Ethical/Ideological/Intellectual:
- What are some of the ethical dilemmas in narrating disaster, especially the suffering of people viewed through the stereotypes of Western colonialism?
- Why do some events become disasters that define a nation while other events are forgotten in the literary and cultural imagination?
- How might a focus on disaster revive or reframe core debates within postcolonial studies (the status of the nation, the relationship of English to the bhashas, subaltern representation), or in related fields like the environmental humanities, trauma theory, narrative medicine, cinema studies, and world literature?
- What are the economies of disaster representation? How are South Asian disasters marketed and consumed by publishing, tourist, and humanitarian organizations?
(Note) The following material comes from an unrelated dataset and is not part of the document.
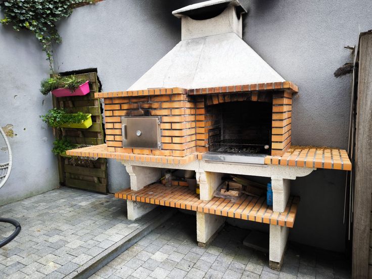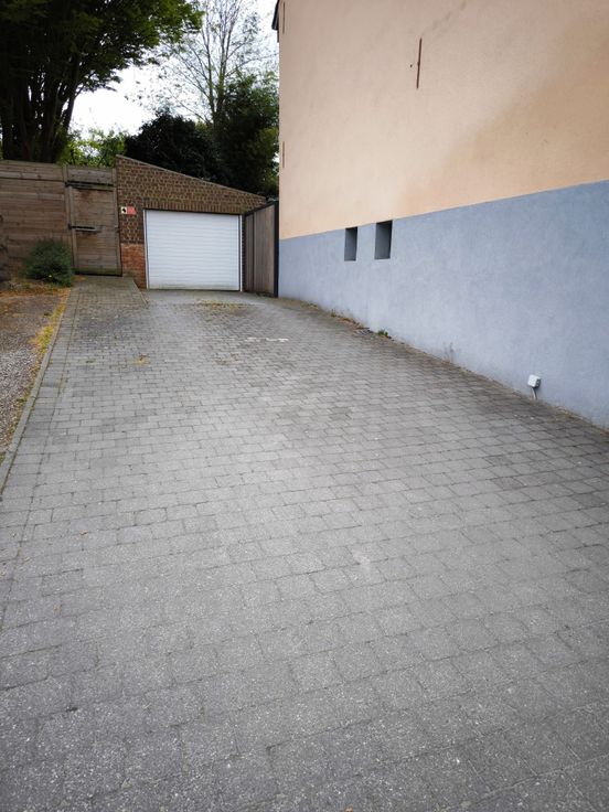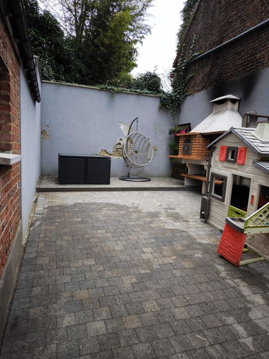 En extérieur une grande terrasse avec barbecue et four au bois et une grande garage avec porte automatique et rangement. Une allée tout au long de la maison qui peut garer 3 voitures.

- What are the best pedagogical approaches to teaching disaster studies, and the representation of South Asian disaster, in the college classroom?
Please email abstracts of no more than 300 words and a brief CV to Liam O’Loughlin (loloughlin@capital.edu ) and Pallavi Rastogi (prastogi@lsu.edu ) by January 1, 2021. Essays will be accepted on the basis of the abstracts and will be sent for peer-review on September 15, 2021. Fully-accepted essays will be published electronically (with a DOI number) on the Taylor and Francis website soon after they are submitted for copy-editing and proof-reading. We hope that the year-long span between this CFP and the due date of the first draft of the essays will encourage our contributors to write about disasters of the NOW, such as COVID-19, the CAA Act, and the revocation of Article 370 in Kashmir, and beyond. Please email the editors with any questions you have.
About the Editors:
Liam O’Loughlin is an Assistant Professor of English at Capital University. His writing on South Asian literature, disaster, and postcolonial studies has been published in Interventions, Comparative American Studies, Negative Cosmopolitanism, and Ariel. He is currently completing a book on South Asian disaster representations entitled Writing in the Wake.
Pallavi Rastogi is Professor of English at Louisiana State University. Her second book, Postcolonial Disaster: Narrating Catastrophe in the Twenty-First Century , was published by Northwestern University Press in April 2020. She has written widely on South African, South Asian, and South Asian diasporic literature.